Руки Пако охватывают прутья решетки, и, сам не понимая зачем, он их встряхивает. Ржавчина, осевшая за двадцать лет в надсечках, до того разъела железо, что в один прекрасный день решетка могла бы выпасть и без постороннего вмешательства. Он удивлен тем, как легко все получается, нижние прутья уже сломаны, он отгибает решетку наружу и кверху, встряхивает еще раз — и решетка упала. Короткий удар — Пако перегибается, словно может хоть что-то увидеть. Но падение решетки прозвучало как-то незначительно — кусок старого железа лег на ветки, камень, кучу мусора. Не иначе, человек приписывает решеткам — а заодно и свободе — слишком большой смысл… Решетке следовало бы упасть с грохотом и лязгом, звук падения должен бы сотрясти стены.
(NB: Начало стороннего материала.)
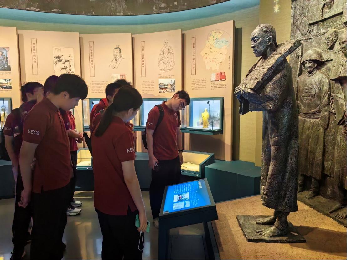 7月18日上午,实践团来到台州路桥博物馆参观。路桥自古因商而兴,素有“百路千桥万家市”的美誉。这座博物馆以“展示城市商业历史”为主题,追溯路桥商业史脉源头,解读路桥的历史记忆与城市精神。“薪火流韵——路桥民俗文化陈列”分为接春、忙夏、迎秋、过冬4个部分,以一年四季的季节更替为背景,展现路桥人丰富多彩的生活场景和独具特色的民俗文化;“重逢旧时光——路桥人眼中的生活变迁”展陈分为乡村印记、道地印象、家庭印痕、留住时光4个单元。通过特定年代场景与老物件展陈结合形式,展示路桥从1949年来社会经济、人民生活的变化与发展。生动的陈列展示与互动体验让大家对路桥的历史文化脉搏有了更深刻的体会。

А окно, теперь ничем не огражденное, должно бы — как мнилось ему несколько часов назад, внизу, на монастырском дворе, когда он потребовал поместить его в келью с подпиленными решетками — должно бы манить, здесь должна бы мостом пролечь радуга и вести куда-то, все равно куда, благо речь идет о пути в свободу. Однако, если он совершит теперь побег, стражники внизу будут в тысяче обличий подкарауливать его свободу. Снова ему припомнилась история человека, о котором он читал в газете несколько недель тому назад. Этот человек ушел в лес и более десяти лет прожил там свободным и мирным отшельником, только о том и пекущимся, чтобы никто не взвалил на него какое-либо иго. Но тут его обнаружили, может, это была женщина, которая вышла по ягоды, и полиция вернула его и отдала под суд, потому что за время своей свободы он совершенно упустил из виду те важные обязанности, которые налагает на нас общество, суд приговорил его к нескольким годам тюрьмы. Лесной свободы на свете больше нет. Некоторые бегут в монастырь, вот и он был одним из тех глупцов, что мнили обрести в монастыре высочайшую степень свободы. Уж лучше тогда уйти в море. Но и там тебя ждет закон в виде третьего либо четвертого офицера, какого-нибудь типа, одержимого то ли честолюбием, то ли любовью к своей собственной жалкой персоне, и этот тип голосом Васко-да-Гамы рассылает приказы и приказики, так что прямо диву даешься, как матросы после всего этого еще не утрачивают способность самостоятельно и по собственной воле сплевывать за борт табачную жвачку.
Правда дает вам свободу — это и во все времена звучало очень заманчиво — свобода. Но подобные абстракции напоминают козьи меха, куда каждый наливает свое вино и опьяняется им, — вином, а отнюдь не мехами, из которых в рот ему падает струя. Но не вливают также вина молодого в мехи ветхие. Это сказал Он сам. А что до сосуда истины — сосуд пошел трещинами, по меньшей мере для него, для него, стоящего у этого, лишенного решеток, окна. Придется изготовить новое вместилище и вместо козла содрать кожу с самого себя! Тот, кто способен таким образом снять кожу с собственного тела — а это дело отнюдь не безболезненное, — тот нашел подходящий сосуд для напитка жизни. Он создал меха для действительной, для своей истины. Истина! Как долго ее смешивали с переменчивым, безграничным содержанием, выбирали, отвергали, устав от выбора, становились настолько усталые, настолько пассивные, как тот римский земледелец, как та бесконечная вереница одержимых золотой лихорадкой истины, которые, воротясь домой, усталые, измученные, с пустыми глазами, вечно бормочут себе под нос quid est… [12] Что есть… ( латин .).
И только один из всех не задал вопрос: «А что она такое?», напротив, он сказал: «Я есмь истина», и теперь мы будем вслед за ним с болью повторять его слова: «Я есмь истина».